It’s easy to make mistakes with our money. No one is just a natural finance guru. If you’re worried about your finances for your retirement, you’re in good company. Today, in order to help bring you some peace of mind, we’re going over how to avoid some common money mistakes.
Avoid these Common Mistakes
Owning Too Much Home
Is your home paid off? If so, then you could likely afford to downsize and come out ahead on money for your retirement. If not, then you might seriously consider getting a smaller home to lessen your mortgage payment. Financial advisers often say about a third of your income should cover your housing. However, if you can cut that down to a quarter or less then you can start seriously saving money.

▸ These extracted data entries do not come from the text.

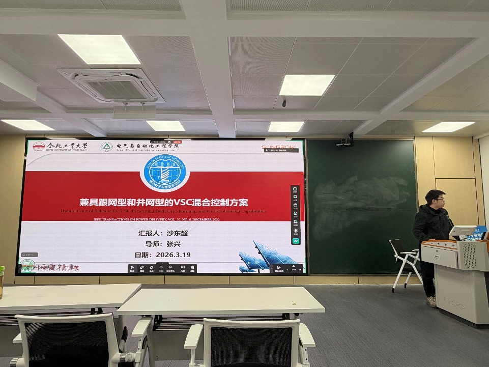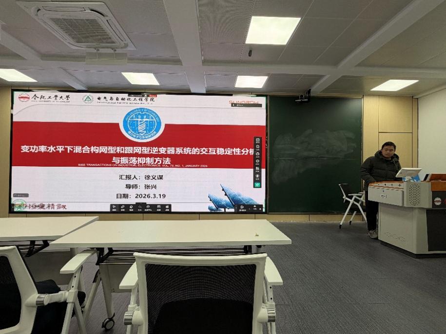 徐义谋同学分享的文献题目为“变功率水平下混合构网型和跟网型逆变器系统的交互稳定性分析与振荡抑制方法”,本文深入探讨了新能源并网中跟网型(GFLI)与构网型(GFMI)逆变器混合运行时的稳定性问题。研究指出,在弱电网环境下,跟网型逆变器的锁相环与电流环耦合会产生负阻尼效应,且系统稳定性受功率水平波动影响显著。为此,报告提出了一种增强无源性的振荡抑制方法,通过引入功率自适应的有源阻尼环节来抵消负电阻影响。实验证明,该方案能有效抑制变功率工况下的高频振荡,显著降低电流畸变率,保障了混合系统在复杂工况下的可靠运行。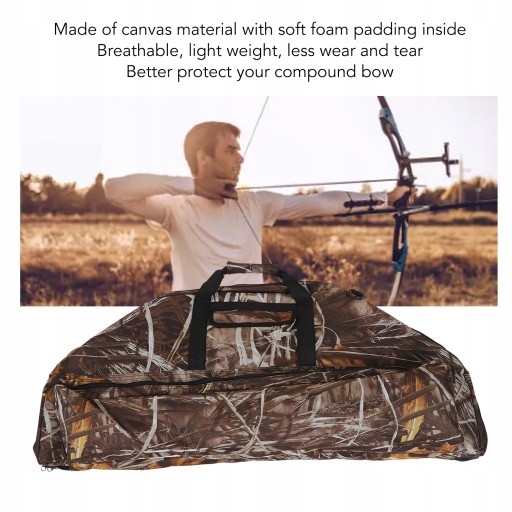 1. МАТЕРІАЛ ПОЛОТНЯ: складна сумка для лука виготовлена з полотна з м’якою пінопластовою підкладкою всередині, дихаюча, легка та непроста в носінні, краще захищає складний лук.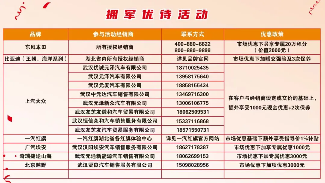 湖北省汽车流通协会携手东风旗下风神、纳米、奕派、本田,以及比亚迪王朝系列、比亚迪海洋系列、广汽埃安、一汽红旗、捷途、上汽大众、北京越野等品牌,与湖北省退役军人事务厅签署协议,承诺为军人军属、部队文职人员、退役军人及其他优抚对象提供专属购车优惠。军人军属、部队文职人员、退役军人和其他优抚对象持相关证件,可在湖北省汽车流通协会所属相关会员企业,享受12个特定品牌,82款车型的军人专享优惠。即在客户与经销商谈定成交价的基础上,根据品牌和车型额外专享1000元、2000元、3000元现金优惠,以及送积分、保养、交强险等优待活动。
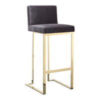 Pangea Home Dexter 30" Modern Velvet & Polished Steel Bar Stool In Gray/Gold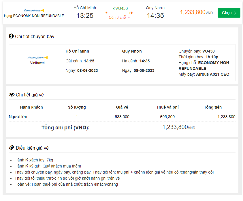Viettravel Hồ Chí Minh Cất cánh: 13:25 Ngày: 08-06-2023 Quy Nhơn Hạ cánh: 14:35 Ngày: 08-06-2023 Chuyến bay: VU450 giá vé máy bay 1,233,800VND

Relying on Social Security
Many retired or older persons rely heavily on Social Security to help cover their needs. However, counting on Social Security to be there all the time is a recipe for disaster. For one thing, SS doesn’t pay out enough to cover most people’s basic bills. For another thing, Social Security will only be around for another 14 years: it’s scheduled to run out of money in 2033.

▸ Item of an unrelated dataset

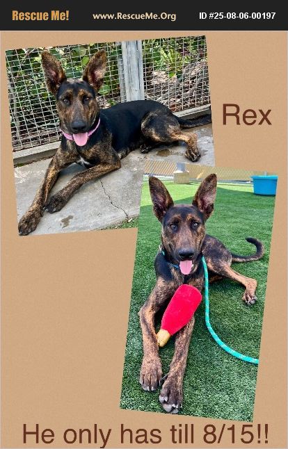 Rex is scheduled to be euthanized on 8/16!! Must be saved by 8/15 end of day!!! REX, A2209274, MALE, BLACK BELGIAN MALINOIS MIX Age: 1 YEAR 1 MONTH, 80.60 lbs. videos: https://youtu.be/uGMecDPilg8?si=cy_qen1qElVp_T0u https://youtu.be/AndEwJRsjnY?si=FZ7KUZlmUAI1uQxh https://youtu.be/ynyGTaGrBXA?si=k-rEQUImc-GjC6rP EUTH Listed!!!�%A0�%A0REX (#A2209274).�%A0�%A0Must exit EOD 8/15! Rex has a heart as big as his ears! He is an easy-going, loving, playful, friendly & medium energy Dutch Shepherd mix who is highly intelligent & eager to please. Rex is affectionate & trusting w people, giving kisses & rolling over for belly rubs. Rex is social w dogs (gentle/dainty play style) & has attended playgroup 5 days/wk since intake. Rex knows sit & down command, treat motivated w gentle mouth & excellent attention. Rex likes toys, but prefers just hanging out w people. Rex would make an excellent jogging, hiking or adventure buddy!�%A0�%A0Rex also seems house broken, prefers potty outside kennel. Given his age, size & breed, recommend no small children & a dog owner who understands the requirements of such a smart & industrious dog, capable of learning anything!�%A0�%A0Reason for euth-list, got jumpy/mouthy 1x with volunteer (did not break skin). Rex, #A2209274 1yo intact male, 80lbs Stray, left at site Intake 7/14/25 Harbor shelter 957 N. Gaffey Street San Pedro, CA 90731 310-548-2632 (tel:310-548-2632) Closed Mondays Tuesday-Friday 8-5p Sat & Sun 11-5p For further info, please contact Lifesaving liaison: mailto:[email protected] mailto:[email protected] 310-548-2632 (tel:310-548-2632) 213-605-4473 (tel:213-605-4473) Supervisor [email protected]

Focusing on the Stock Market too Much
Often, people with money in the stock market worry too much about every little dip and fall the market sees. However, all you can do as a normal person is keep a diversified portfolio and try to invest across the board. Don’t stress out over every little thing, just focus on your hobbies and family and try to relax.
Try to budget for a longer period than you normally do. If you’re used to budgeting for a month or so, budget out for the year. People often underestimate their monthly budget but overestimate their yearly budget. If you budget over a longer period, you tend to end up with more money saved up at the end of the year.